TIME WARNER INC. filed this Form S-4/A on 03/24/2000
Entire Document
                                   THE MERGER
   This section of the joint proxy statement-prospectus describes material
aspects of the proposed merger, including the merger agreement, the stock
option agreements and the voting agreement. While we believe that the
description covers the material terms of the merger, this summary may not
contain all of the information that is important to you. You should read this
entire joint proxy statement-prospectus and the other documents we refer to
carefully for a more complete understanding of the merger. In addition, we
incorporate important business and financial information about each of us into
this joint proxy statement-prospectus by reference. You may obtain the
information incorporated by reference into this joint proxy statement-
prospectus without charge by following the instructions in the section entitled
"Where You Can Find More Information" that begins on page 131 of this joint
proxy statement-prospectus.     
Background of the Merger
   In September 1999, Stephen M. Case, Chairman and Chief Executive Officer of
America Online, and Gerald M. Levin, Chairman and Chief Executive Officer of
Time Warner, participated in a meeting of media and technology executives at
the Global Business Dialogue on E-Commerce in Paris.
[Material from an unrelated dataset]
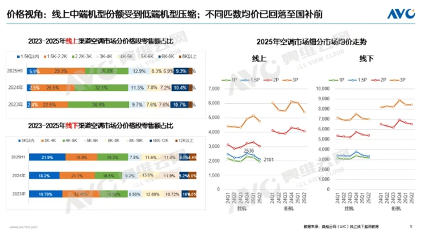 高温天气还带来价格修复契机。奥维云网显示,上半年行业深陷价格战,1.5匹挂机线上均价从2536元骤降至2101元。但7月高温催化下,零售价出现边际改善:W27-W28(6.30-7.13)线上/线下均价同比回升,新风空调线上均价增幅达7.8%。消费分层趋势下,高端机型与高性价比机型呈现“哑铃型”增长:6000元以上市场被COLMO等占据,而2000-3000元价位段成为美的、小米主战场。

Later in September,
Messrs. Case and Levin participated in a number of meetings at the Fortune
Global Forum and related events, which took place in Shanghai and Beijing.
During the time they spent together at these conferences, Messrs. Case and
Levin discussed a variety of topics related to their businesses. They did not,
however, discuss the possibility of combining their businesses.
   In mid-October, Mr. Case spoke with Mr. Levin to suggest that they consider
a business combination involving America Online and Time Warner. Mr. Case
proposed that the combination be accomplished through a stock-for-stock merger
of equals. In addition, Mr. Case proposed that he would serve as chairman of
the combined company and that Mr. Levin would serve as chief executive officer
of the combined company. On October 25, 1999, Messrs. Case and Levin had
another conversation to discuss further these matters.
   On November 1, 1999, Messrs. Case and Levin met for dinner and continued
their discussion about a possible business combination, elaborating on the
mutual strategic benefits of a merger of equals and discussing the structure
and implementation of a business combination. That discussion included a
reaffirmation of the fundamental principles of the business combination first
outlined in the mid-October conversation, and ended with a mutual intention to
pursue discussions further.
   In conjunction with the initial discussions, the companies began consulting
with various financial and legal advisors about issues raised in the
discussions among their executives. America Online retained Salomon Smith
Barney as its financial advisor and Simpson Thacher & Bartlett and Mintz,
Levin, Cohn, Ferris, Glovsky and Popeo, P.C., as its legal counsel. Time Warner
retained Morgan Stanley as its financial advisor and Cravath, Swaine & Moore as
its legal counsel. Working with these advisors, America Online and Time Warner
began conducting their due diligence investigations using publicly available
materials and began analyses of a possible combination. These consultations
continued throughout the remaining merger discussions.
  Following the November 1, 1999 dinner meeting between Messrs. Case and Levin,
Kenneth J. Novack, Vice Chairman of America Online, and Miles Gilburne, then
the Senior Vice President, Corporate Development of America Online, had several
telephone conversations with Richard J. Bressler, Chairman and Chief Executive
Officer of Time Warner Digital Media, to discuss the structure and
implementation of a stock-for-stock merger of America Online and Time Warner.
Over the next two months, Messrs. Novack and Bressler had periodic telephone
conversations to discuss the proposed combination.
   On November 9, 1999, Messrs. Novack, Gilburne and Bressler met to continue
to discuss the strategic rationale for a merger, the appropriate exchange ratio
and the governance and management structure of the resulting entity. The
discussions remained at a general level, and no agreement regarding the
specific terms of a possible stock-for-stock merger was reached.